Version 402 of Unreal Tournament has an automatic PathNode generator which will do part of the work of placing paths automatically. It will attempt to cover the level with paths, but will not place special NavigationPoints such as playerstarts, liftcenters, etc.. To use the automatic PathNode generator, open your level in UnrealEd. Select the Window menu, and from it the log. At the prompt type 'Paths Build' (no quotes). This will take 5 to 10 minutes for a typical level.

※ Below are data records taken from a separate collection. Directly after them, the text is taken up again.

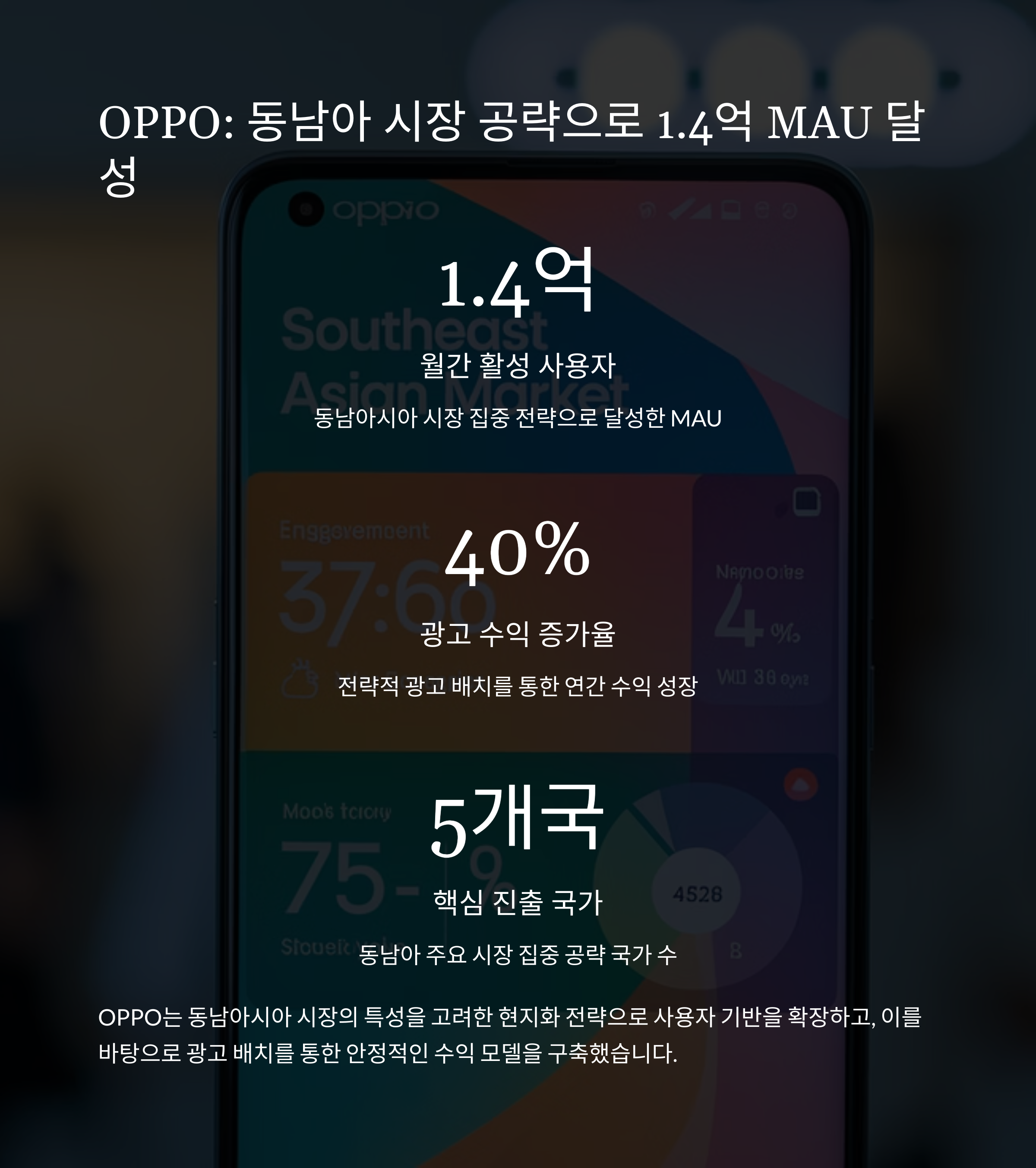 OPPO는 동남아 시장 마케팅 전략으로 월간 사용자 수가 기록적으로 상승하였습니다.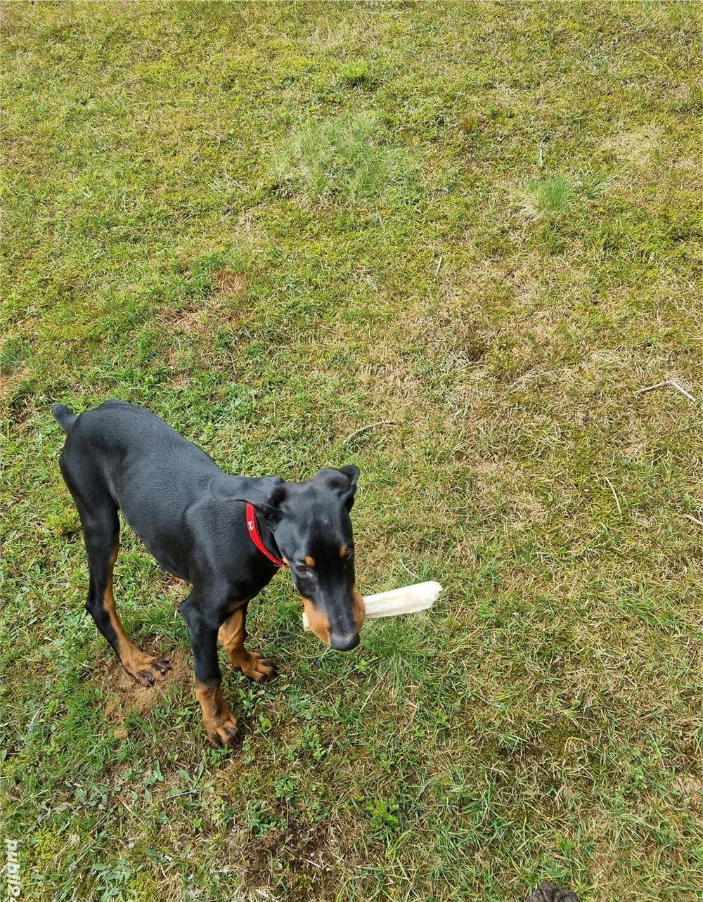 Vând mascul de doberman ( rasă pură ), se pot vedea ambii părinți.Cățelul are cip, este inregistrat, are absolut toate vaccinurile făcute la zi, deparazitările atât interne cât i externe, zgardă, lesă, carnet de sănătate i jucărioare. Cățelul a fost crescut exclusiv cu mâncare de la K9 junior lamb&rice urmărind foarte atent cantitatea consumată. A fost crescut la munte, musculatura este foarte bine formată, este jucăui obi nuit cu al i câini. Se vinde din singurul motiv in care trebuie să părăsesc țara i locația nu îmi permite să îl iau cu mine.Î i caută doar un stăpân care să se ocupe de el. A fost achizitionat cu 1900 lei + vaccinuri/ mâncare de calitate/ jucarii/ etc.Tariful cu care îl oferim este de 1200 lei. Cu o discuție în prealabil cu viitorul stăpân.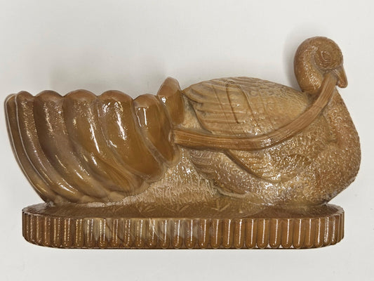 Carmel Slag Glass Swan Pulling a Shell - Victorian Slag Glass Salt- Carmel Glass Salt Dish - Brown Slag Glass Swan Pulling Shell - 5" Long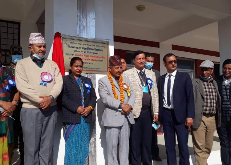 शिक्षा, बिज्ञान तथा प्रविधी मन्त्री गिरिराजमणि पोखरेलले निर्मल लामा बहुप्राबिधिक शिक्षालयको नमुना भवन उद्घाटन गरेका छन् ।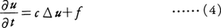 によって記述される。ここでcは熱伝導率などによって定まる正の定数であり,fは外部から熱が供給される状態を表す既知関数である。(4)の形の方程式は放物型方程式,または熱伝導方程式と呼ばれる。また物質の拡散現象においても,その物質の濃度uの変化は(4)の形の方程式で記述されるので,この方程式を拡散方程式とも呼ぶ。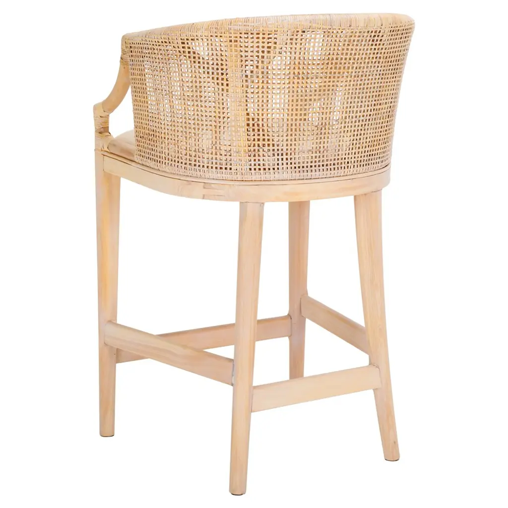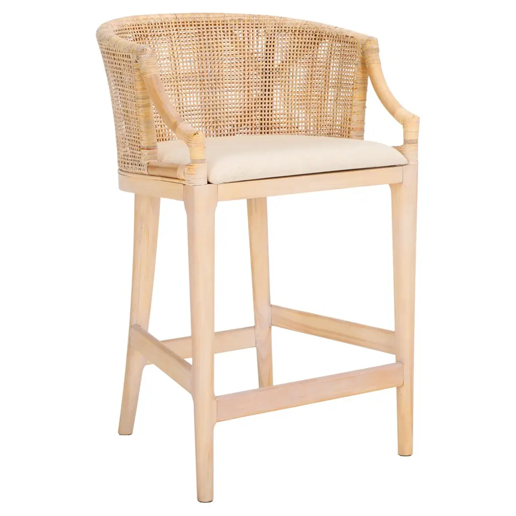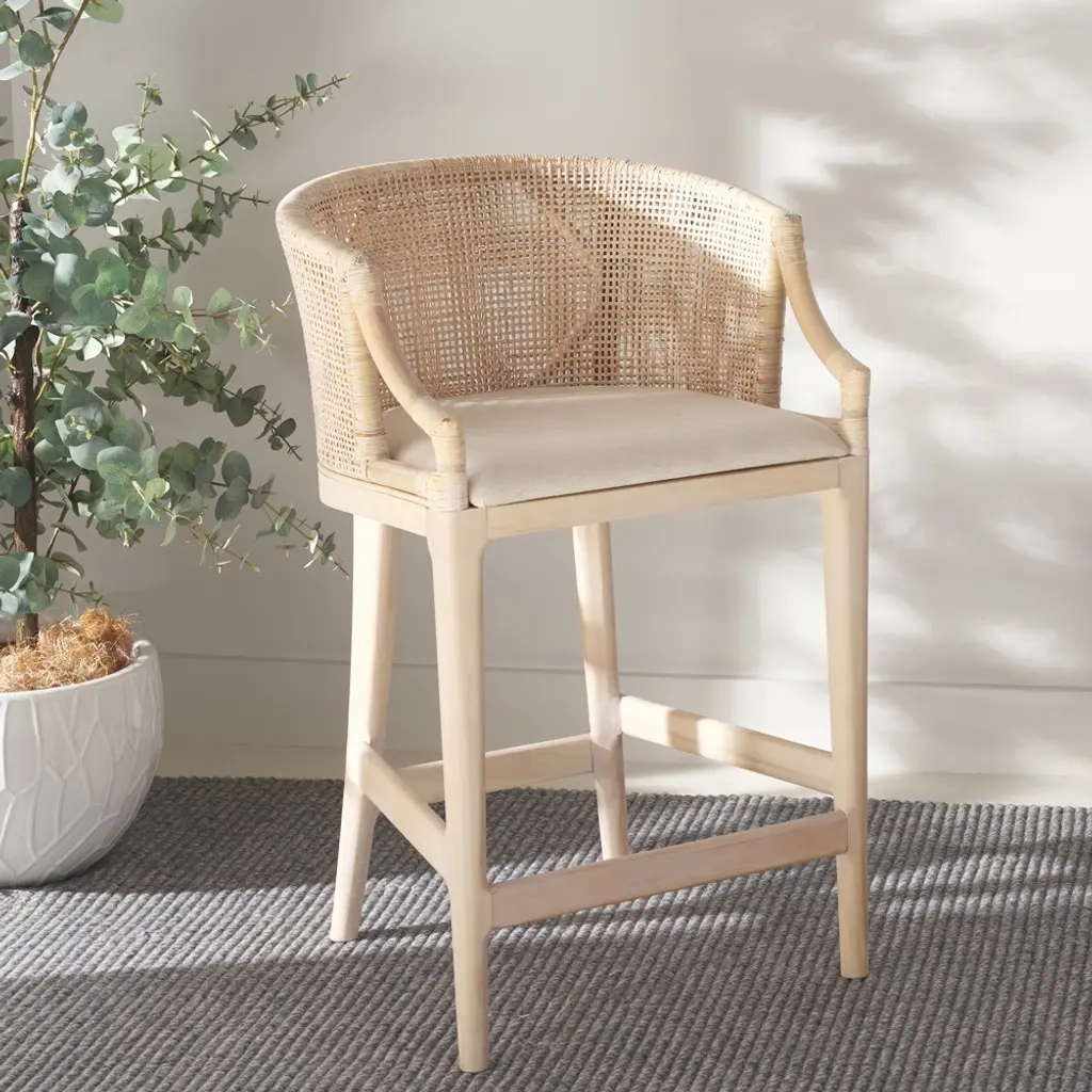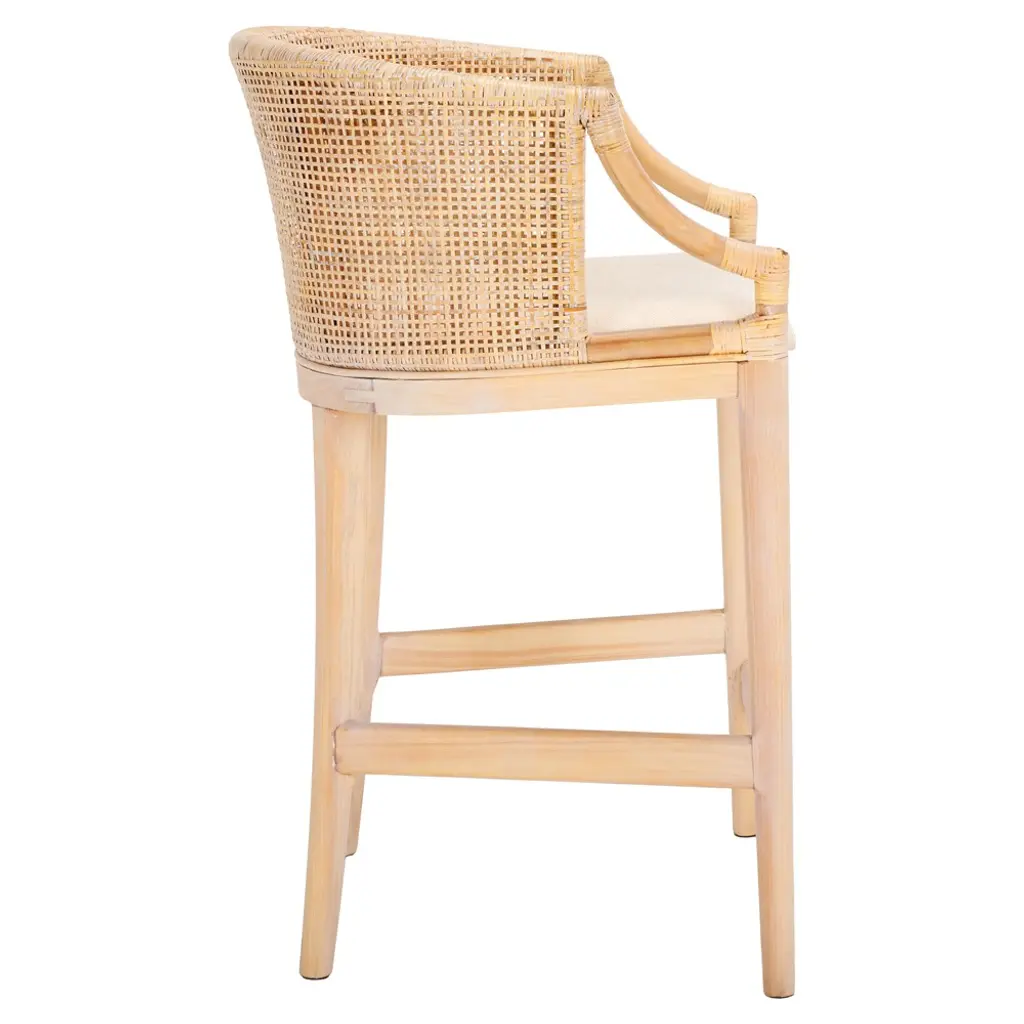 Serena Coastal Beach Cream Performance Whitewash Woven Rattan Counter Stool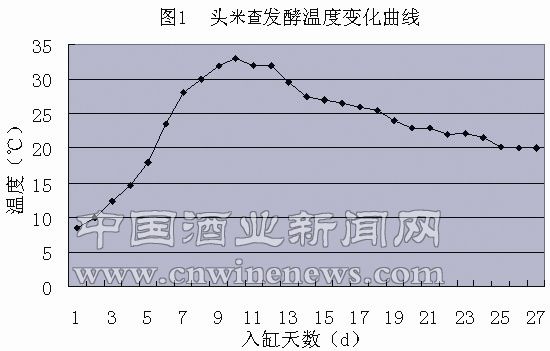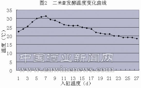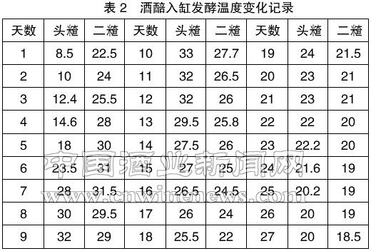 发酵过程中的温度变化是否符合所需要的温度要求,是反映发酵效果的基本要素。通过对不同的入缸条件的调整和控制,对发酵过程中加以细致的管理和采取一定的控温方法,能够较大限度地满足发酵需求,使温度在一个合理的范围内,符合发酵规律进行着演变。试验中温度变化见表2、图1、图2。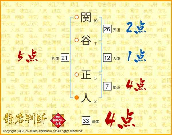 あなたの人生を表す1番重要な運勢です。生涯を通じて影響する総合運となり、主に50歳以降の晩年期に影響を及ぼします。苗字と名前の合計画数。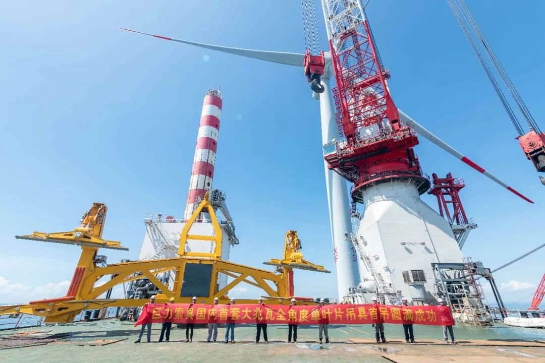 可實(shí)現(xiàn)多種型號(hào)葉片多姿態(tài)、多角度吊裝,能滿足風(fēng)機(jī)葉片三種角度的適配,使得風(fēng)機(jī)安裝更加便捷高效,大幅縮減了海上風(fēng)機(jī)吊裝安裝時(shí)間,尤其適用于海上大兆瓦葉片的吊裝,可滿足目前最大機(jī)組葉片的安全吊裝。

To navigate around the level, bots will first find the nearest reachable NavigationPoint, and move to it. They will then move toward their destination, going from NavigationPoint to NavigationPoint. It is important that some NavigationPoint is reachable (there are no obstructions in the way) from any location a bot may reasonably get to in the level. If a bot can't find a valid path, either because it can't find a way to get on the network, or there is no valid way to get from the network to its destination, or the path on the network is broken, then the bot will wander (walking) around its current area.
The final step in setting up the navigation network is performing a PATHS DEFINE. This can be done by typing PATHS DEFINE into the UnrealEd console, or pressing the "Paths Define" button in the lighting section of the rebuild window. The designer can examine the network generated in any of the UnrealEd world view windows by selecting "Show Paths" from that window's "View" menu. NavigationPoints which are successfully connected will have either blue or red lines between them. Bots will use either blue or red paths, but blue paths are preferable - they indicate a cleaner, more obstruction free path. Each time geometry is changed or NavigationPoints are added or moved (including inventory, since paths are generated from inventory items), a PATHS DEFINE should be performed.
There are several common problems that result from assumptions and approximations made by the AI to minimize CPU overhead. Make sure that all NavigationPoints are separated by at least 50 world units. If two pathnodes are too close together, a bot may get stuck on them. The editor log window will display warnings during a PATHS DEFINE if paths are too close together. This problem commonly occurs with InventorySpots, which are automatically placed near all inventory items. Don't place PathNodes too near to inventory.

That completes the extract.